El espectáculo se estrena en el Centro de Cultura Contemporánea Condeduque. ¿Hasta qué punto un espacio asociado a la creación contemporánea condiciona o inspira la concepción del proyecto?
El Centro de Cultura Contemporánea Condeduque apuesta por propuestas muy diferentes a lo que vemos programado en los ciclos habituales de concierto, danza, etc. Es muy inspirador y les estoy muy agradecido por la libertad total que me han dado en este encargo (el segundo tras el estreno de A Night with John Dee hace unos años con el pianista Moisés Sánchez). En esencia, me dijeron que propusiera lo que yo quisiera. Solo tuve que reunir a tres músicos fantásticos de muy diferentes sensibilidades y disfrutar.
Después de una trayectoria centrada en Johann Sebastian Bach y el gran repertorio barroco, ¿qué le aporta personalmente un proyecto tan transversal y basado en la improvisación y el intercambio entre músicos de procedencias distintas?
Me obliga a salir de automatismos. Cuando llevas muchos años trabajando repertorios muy concretos, entrar en un proyecto basado en la improvisación cambia completamente la energía. Aquí hay una parte de riesgo y de escucha constante que me interesa mucho. También disfruto mucho trabajando con músicos de procedencias diferentes porque aparecen ideas que yo solo no habría imaginado. Es una manera de relacionarme con esta música desde la curiosidad.

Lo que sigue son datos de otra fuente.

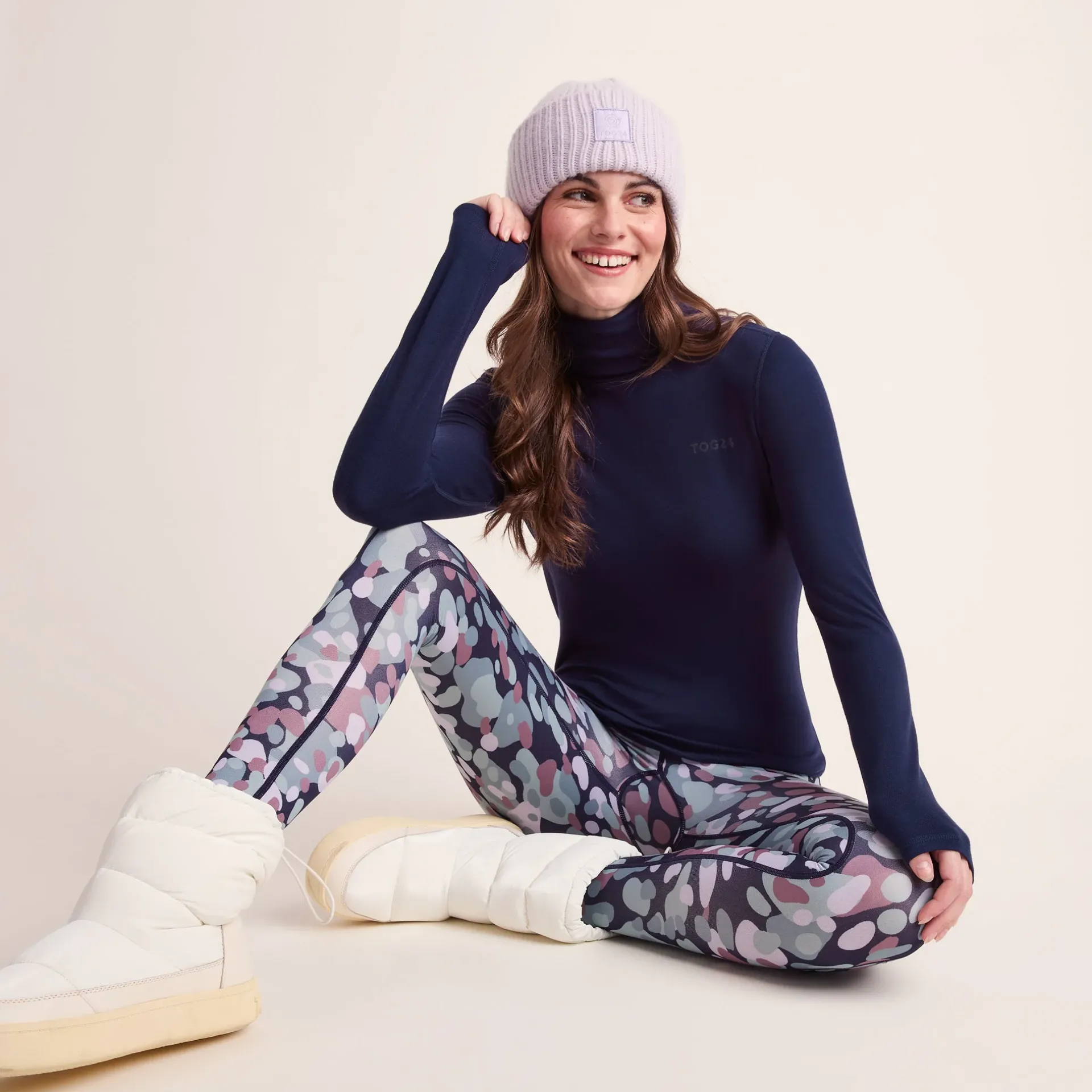 Product DescriptionIdeal for skiers, snowboarders, and those who love a winter hike, our Meru womens roll neck thermal ticks every box. Super breathable, odour resistant, anti-chafe, and buttery soft against the skin, this thermal promises excellent warmth and protection without compromising on look and feel. Super stretchy, this Meru roll neck thermal can easily be thrown on to be worn under your fleeces or winter jackets with ease. It is perfect for active lovers of the great outdoors who need a chic yet reliable base layer to perform where it counts.FeaturesSuper soft u0026amp; stretchy roll neck base layerBreathable u0026amp; lightweightQuick wicking u0026amp; odour eliminatingAnti chafe seamsTOG24 print on the chestFitStudio model Gina Dress 8/10 uk Height 5’11* Bust 34c Waist 26.5
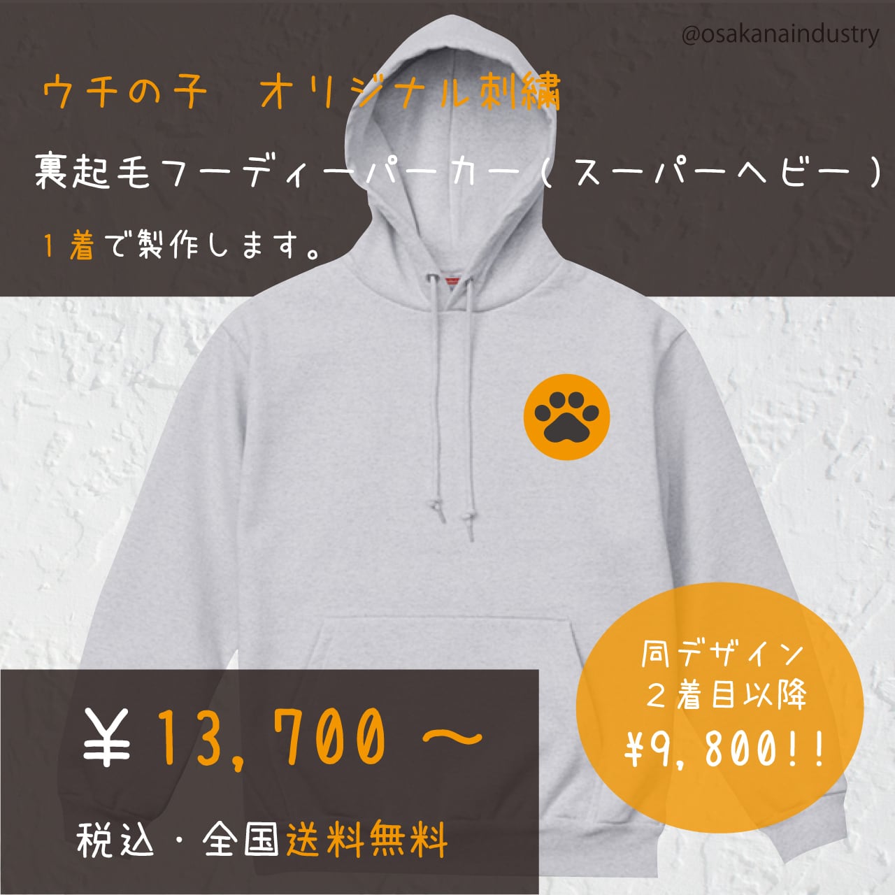 オリジナル刺繍裏起毛フーディーパーカー(スーパーヘビー)製作

Acabo de estar tocando las Variaciones Goldberg en Córdoba y Suiza, y en unos días estaré en Valencia con la misma obra. Me encanta poder visitar mundos tan diferentes en tan poco tiempo.
¿Qué es lo que esperan que el público reciba de esta propuesta?
Nos gustaría que el público sintiera que esta música no pertenece solo al pasado. Que pueda escuchar a Juan del Encina desde un lugar muy actual, sin necesidad de conocimientos previos; que perciba la libertad que hay sobre el escenario, porque eso hace que cada concierto sea distinto. Y ojala el público salga con la sensación de haber escuchado algo cercano y nuevo al mismo tiempo.